From the material below, set down exactly the lines that run from the one containing "RIGHT PALM OVER" to the one containing "CAFF Designated Area", minus the pictures.

- Opening Delimiter -

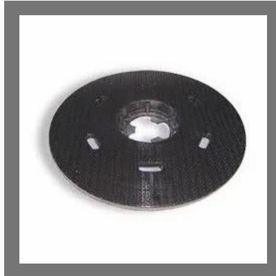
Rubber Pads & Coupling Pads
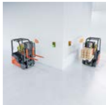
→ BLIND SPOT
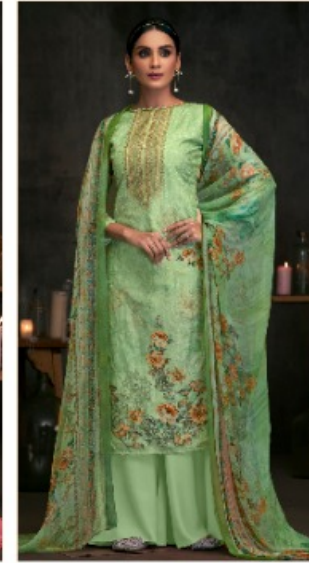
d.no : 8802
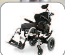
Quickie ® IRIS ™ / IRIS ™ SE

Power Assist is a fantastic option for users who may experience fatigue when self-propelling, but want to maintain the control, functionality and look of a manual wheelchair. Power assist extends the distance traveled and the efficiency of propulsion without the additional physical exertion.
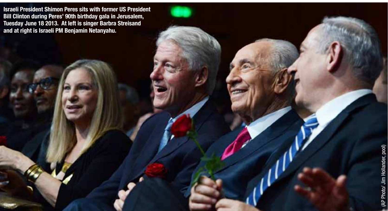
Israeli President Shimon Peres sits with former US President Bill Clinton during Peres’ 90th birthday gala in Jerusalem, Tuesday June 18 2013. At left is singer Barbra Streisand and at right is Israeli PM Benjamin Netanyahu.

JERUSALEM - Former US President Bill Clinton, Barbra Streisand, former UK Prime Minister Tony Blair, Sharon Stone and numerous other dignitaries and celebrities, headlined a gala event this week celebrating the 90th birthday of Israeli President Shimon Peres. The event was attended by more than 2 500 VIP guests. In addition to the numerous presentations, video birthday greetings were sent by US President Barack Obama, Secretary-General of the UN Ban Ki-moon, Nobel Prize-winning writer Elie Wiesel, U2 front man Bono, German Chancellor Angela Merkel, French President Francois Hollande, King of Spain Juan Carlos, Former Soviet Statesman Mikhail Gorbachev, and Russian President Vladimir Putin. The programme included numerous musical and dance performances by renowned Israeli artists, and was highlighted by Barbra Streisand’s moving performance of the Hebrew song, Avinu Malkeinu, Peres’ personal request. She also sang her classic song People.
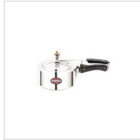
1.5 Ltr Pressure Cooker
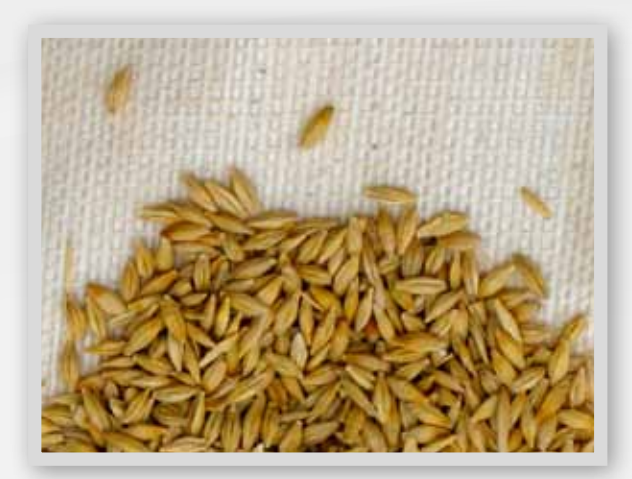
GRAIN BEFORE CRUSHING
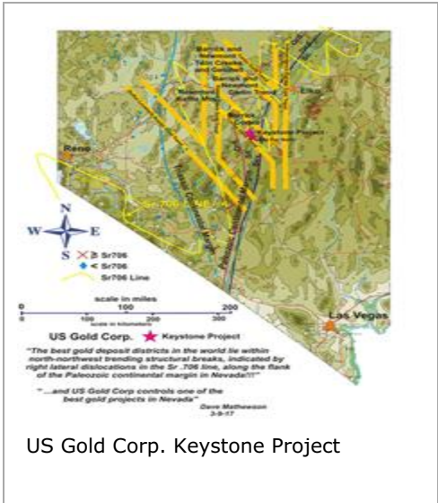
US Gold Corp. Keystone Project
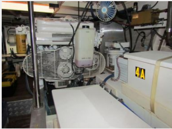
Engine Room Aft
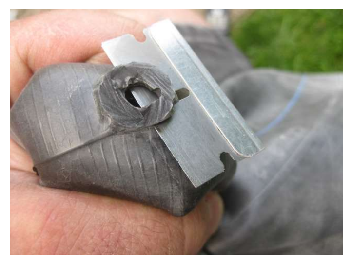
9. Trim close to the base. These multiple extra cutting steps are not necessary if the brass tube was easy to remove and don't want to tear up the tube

- Closing Delimiter -
- Opening Delimiter -

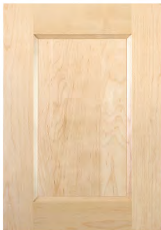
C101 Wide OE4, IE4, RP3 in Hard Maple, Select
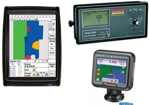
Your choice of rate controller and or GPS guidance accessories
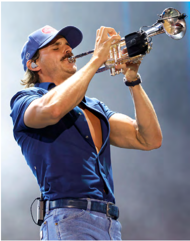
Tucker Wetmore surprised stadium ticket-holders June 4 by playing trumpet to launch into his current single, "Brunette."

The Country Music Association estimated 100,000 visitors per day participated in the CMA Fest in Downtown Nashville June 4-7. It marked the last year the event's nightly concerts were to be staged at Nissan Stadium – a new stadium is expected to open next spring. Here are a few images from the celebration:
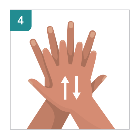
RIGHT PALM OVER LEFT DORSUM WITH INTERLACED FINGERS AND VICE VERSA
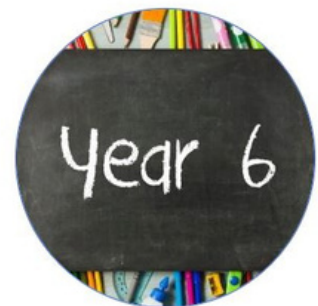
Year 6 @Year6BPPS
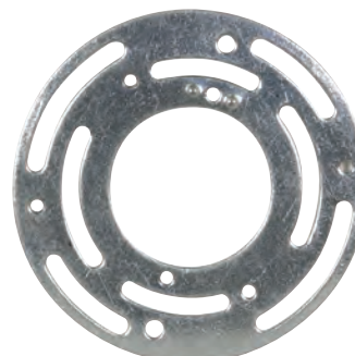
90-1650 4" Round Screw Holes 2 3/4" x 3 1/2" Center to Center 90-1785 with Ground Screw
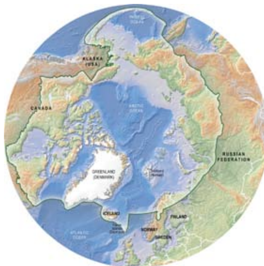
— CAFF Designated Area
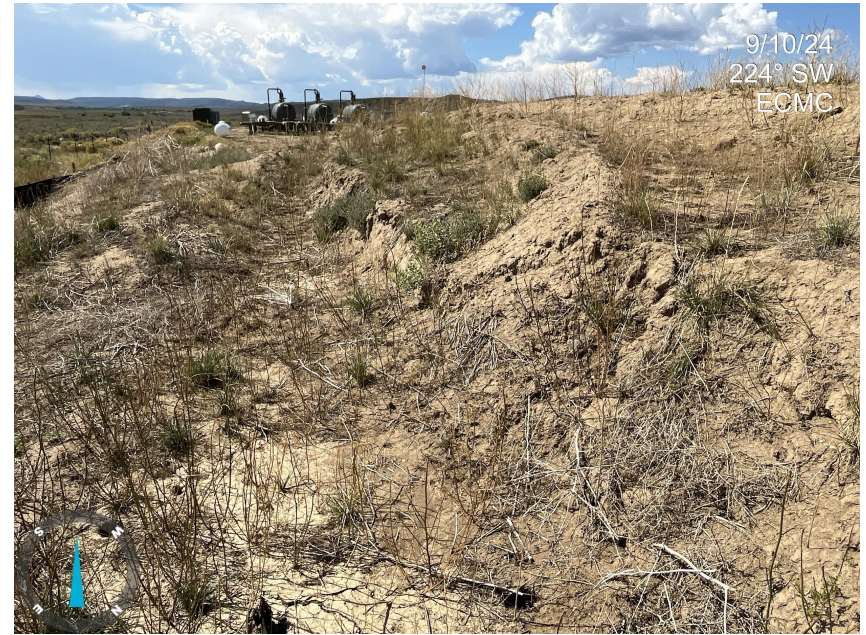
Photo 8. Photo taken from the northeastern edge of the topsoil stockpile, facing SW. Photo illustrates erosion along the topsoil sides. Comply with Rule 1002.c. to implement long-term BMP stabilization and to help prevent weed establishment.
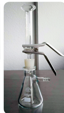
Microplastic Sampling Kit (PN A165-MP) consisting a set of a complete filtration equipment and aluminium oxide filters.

- Closing Delimiter -
- Opening Delimiter -

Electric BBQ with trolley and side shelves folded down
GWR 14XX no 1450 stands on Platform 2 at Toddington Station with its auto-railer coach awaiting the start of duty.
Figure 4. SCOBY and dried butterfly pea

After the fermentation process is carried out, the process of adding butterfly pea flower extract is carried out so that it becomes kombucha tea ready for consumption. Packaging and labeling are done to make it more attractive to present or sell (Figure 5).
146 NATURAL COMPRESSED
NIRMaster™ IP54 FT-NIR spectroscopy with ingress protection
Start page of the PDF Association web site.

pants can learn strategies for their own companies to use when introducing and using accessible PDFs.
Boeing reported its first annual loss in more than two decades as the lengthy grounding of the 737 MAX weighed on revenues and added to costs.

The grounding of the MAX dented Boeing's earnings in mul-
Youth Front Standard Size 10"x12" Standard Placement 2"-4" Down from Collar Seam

- Closing Delimiter -

REPLY:
RIGHT PALM OVER LEFT DORSUM WITH INTERLACED FINGERS AND VICE VERSA
Year 6 @Year6BPPS
90-1650 4" Round Screw Holes 2 3/4" x 3 1/2" Center to Center 90-1785 with Ground Screw
— CAFF Designated Area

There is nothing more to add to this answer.